今後も一定の収入が見込める場合は、個人再生も検討できます。(500万円以下の借金なら、月々3万円程度の返済能力あれば可能です)
- 参考(1)
借金総額300万円の人の月々返済額(弁護士費用等は含まれません)
自己破産の場合・・・0円
任意整理の場合・・・最高約8万3000円
個人再生の場合・・・約3万円(+住宅ローン)
- 参考(2)
総務省の「全国消費実態調査」によると、家計の1ヶ月当たりの平均黒字額(収入から総支出額を引いた残金)は下記のとおりです。
●年収250〜300万円の世帯の平均黒字額・・・・1万9千728円
●年収350〜400万円の世帯の平均黒字額・・・・2万6千180円
平均値なので、地域や家族構成によって差はあると思いますが、これが返済可能額の目安になると思います。

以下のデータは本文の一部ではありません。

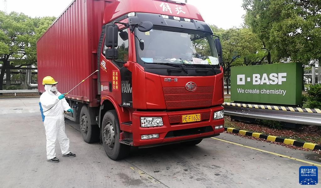 工作人員在位于上海市金山區(qū)的巴斯夫護(hù)理化學(xué)品(上海)有限公司工廠對(duì)貨車進(jìn)行消殺(4月15日攝)。新華社記者 丁汀 攝

ここから計算して、任意整理で無理なく完済できる債務額は、利息引き直し(後述)後の元金で
●年収300万円前後の人・・・90万円(5年返済が認められれば150万円)
●年収400万円前後の人・・・110万円(5年返済が認められれば180万円)
この程度が限界だと言えるでしょう。
これ以上の債務を任意整理で返済しようと思ったら、かなり徹底した生活費の見直しが必要になるはずです。

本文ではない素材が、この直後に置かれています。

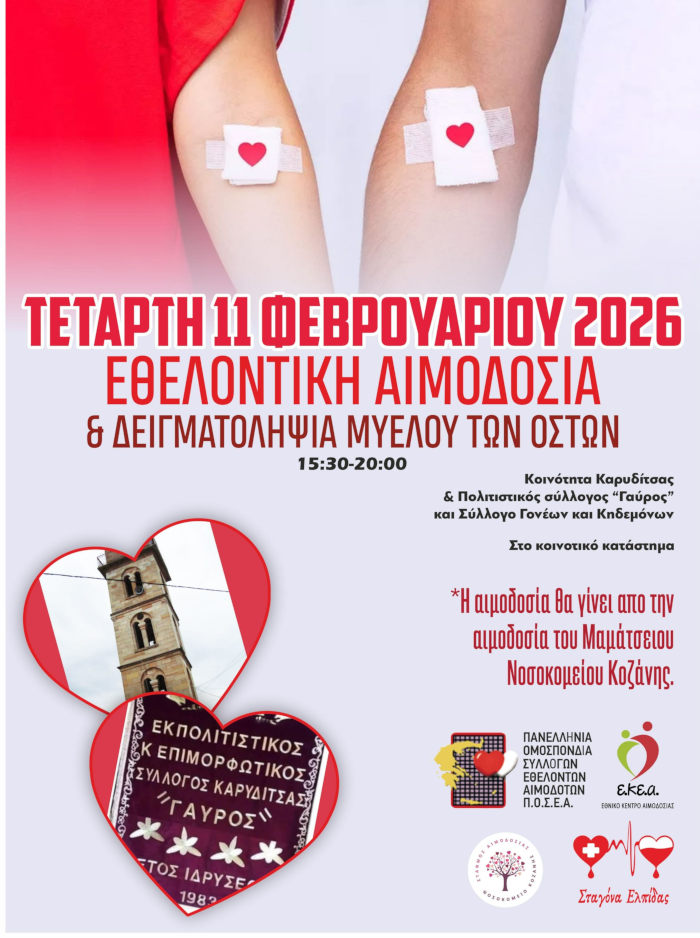 Στην Καρυδίτσα, με τον Πολιτιστικό Συλλόγο “Γαύρος με τον Σύλλογο Γονέων κηδεμόνων του σχολείου μας, και η Κοινότητα μαζί με την Σταγόνα Ελπίδας και την Αιμοδοσία Μαμάτσειου Νοσοκομείου Κοζάνης την Τετάρτη 11 Φεβρουαρίου δίνουμε αίμα, γινόμαστε εθελοντές δότες μυελού οστών την Τετάρτη 11 Φεβρουαρίου στην αίθουσα του πνευματικού κέντρου από 3+30 έως 19+30 ( ώρα προσέλευσης).

くれぐれも気合や見込みだけで、無理な返済計画を立てないようにしてください。
- 夫婦(家族)で債務を抱えている場合
債務整理は個人の単位で行います。夫は夫、妻は妻でそれぞれ個別に債務整理をしますので、合算ではなく、それぞれの債務額と返済可能額を算出してください。「妻は自己破産で、夫は任意整理」という形になることもあり得ます。
- 無理な返済計画は厳禁!!
特別な理由はなく、心情的に「破産だけはしたくない」というだけで、無理な返済計画で任意整理を強行する人は少なくありません。しかし、債務整理をすれば、何があっても絶対に借入はできなくなります。急病や失業などのリスクも織り込んで、多少の貯蓄ができる程度の返済計画を立ててください。ある弁護士の実感値では、「任意整理をしても約7割の人が完済できない」そうです。任意整理も自己破産も大きなリスクの差はありません。最初から自己破産を選択肢からはずさないで考えてください。
- 掲示板で相談するときは...
整理方法の選択には上記のような情報が必要です。ですから「借金が○○円ありますが、どうしたら良いですか?」というような相談の仕方では、こちらもアドバイスのしようがありません。
少なくとも
1.金額と社数(できれば内訳も)
2.おおよその借入期間と利率
3.現在の収入
4.そのうち返済に充てられそうな金額
5.高額資産の有無と売却の可否
この5点くらいは書いていただかないと、具体的にアドバイスをすることができません。
これらのことは、実際債務整理を行うときには必ず必要な情報です。頭で考えるだけでなく、一度紙に書き出してみてください。